Sudan outraged as Ethiopia announces second filling of GERD
Sudan’s Foreign Minister has voiced outrage following an announcement by Ethiopia that it has initiated the second filling of the controversial Grand Ethiopian Renaissance Dam (GERD). Sudanese Foreign Minister Maryam El Sadig El Mahdi, has sent a letter to the UN Security Council, citing the announcement as “a model and proof of Ethiopia’s unilateral action without regard to Sudan’s interests”.
Ethiopia’s notification comes just one day before a UN Security Council session dedicated to issues concerning the GERD, which is scheduled to begin in New York tomorrow. Foreign Minister El Mahdi, who is current in New York to attend the UNSC session, has told the council that the move by Ethiopia “increases the state of tension and instability in the region,” according to a statement by the Sudanese Ministry of Foreign Affairs.Sudan's Minister of Irrigation and Water Resources, Yasser Abbas, is also in New York to attend the session.
Minister El Mahdi described the unilateral action of Ethiopia as “a clear violation of international law and the Declaration of Principles, and an imminent danger and threat to Sudan,” and that “this notification is useless unless negotiations and agreement are made regarding filling and operating the dam”.

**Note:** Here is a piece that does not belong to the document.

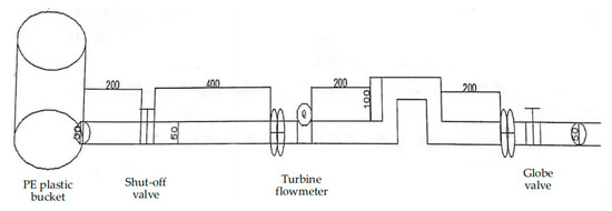 Three mesocosm bioretention units were installed and operated with synthetic runoff for two hours at one-week intervals for five rainfall events (five rainfall recurrence intervals) during the month of May to September, 2016 (at 23~38 °C). According to the runoff pollution load shown in Table 2, the synthetic water was prepared in the laboratory and added to the storage unit (bucket) (Figure 3), and the amount of sample water was the total rainfall under a specific return period. In the experimental process, the water inflow of 5-min intervals is shown in Supplementary Materials (Table S5). The total water inflows under 2-, 5-, 10-, 15-, and 30-year recurrence intervals were 3.22 m3, 4.02 m3, 4.62 m3, 4.97 m3, and 5.58 m3, respectively. The turbine flow meter was used to control the outlet flow and total water output and the valves were adjusted according to the outlet flow rate until the experimental requirements were met. Bioretention units A, B, and C were sequentially conducted to the above experimental steps, while the interval of rainfall was supposed to be one week. The above test steps were repeated with different pollution loads under 2-, 5-, 10-, 15-, and 30-year recurrence intervals.

The statement stressed that the final, binding agreement is the only evidence of the Ethiopian desire to cooperate, and the statement considered that attempts to block the path to international support for the Sudanese just demands regarding the dispute over the Renaissance Dam are futile.
The dam, Ethiopia’s intention to fill it, and the ramifications to Sudan and Egypt downstream have been the subject of sharp and often fruitless negotiations, which are now progressing due to international efforts at mediation.
In May, 22 NGOs warned of military confrontations between the three countries if the long-running dispute between the governments of Ethiopia, Sudan, and Egypt over the building, filling, and operating of the GERD is not resolved quickly.
“The project is expected to have profound effects on the future of the three countries and the African sub-region. While it represents an important development opportunity for Ethiopia as its prime owner, the impact of GERD on Sudan and Egypt cannot be overlooked”, their statement read.
* Ethiopia began to build the GERD in 2011 at the source of the Blue Nile, near the border with Sudan, and the dam is currently in the final phase of construction. In August last year, Addis Ababa unilaterally began filling the dam reservoir.
The Blue Nile contributes approximately 85 per cent to the volume of the main Nile River. Both Egypt and Sudan heavily depend on the waters of the Nile to meet the demands of their growing populations.
The three countries signed a Declaration of Principles in Khartoum in 2015 as a basis for negotiations, but no agreement on the use of the Nile waters has been reached so far. More than once, negotiations under the auspices of the Africa Union ended in a deadlock. Recently, the EU and the USA have both expressed their willingness to mediate between the three countries.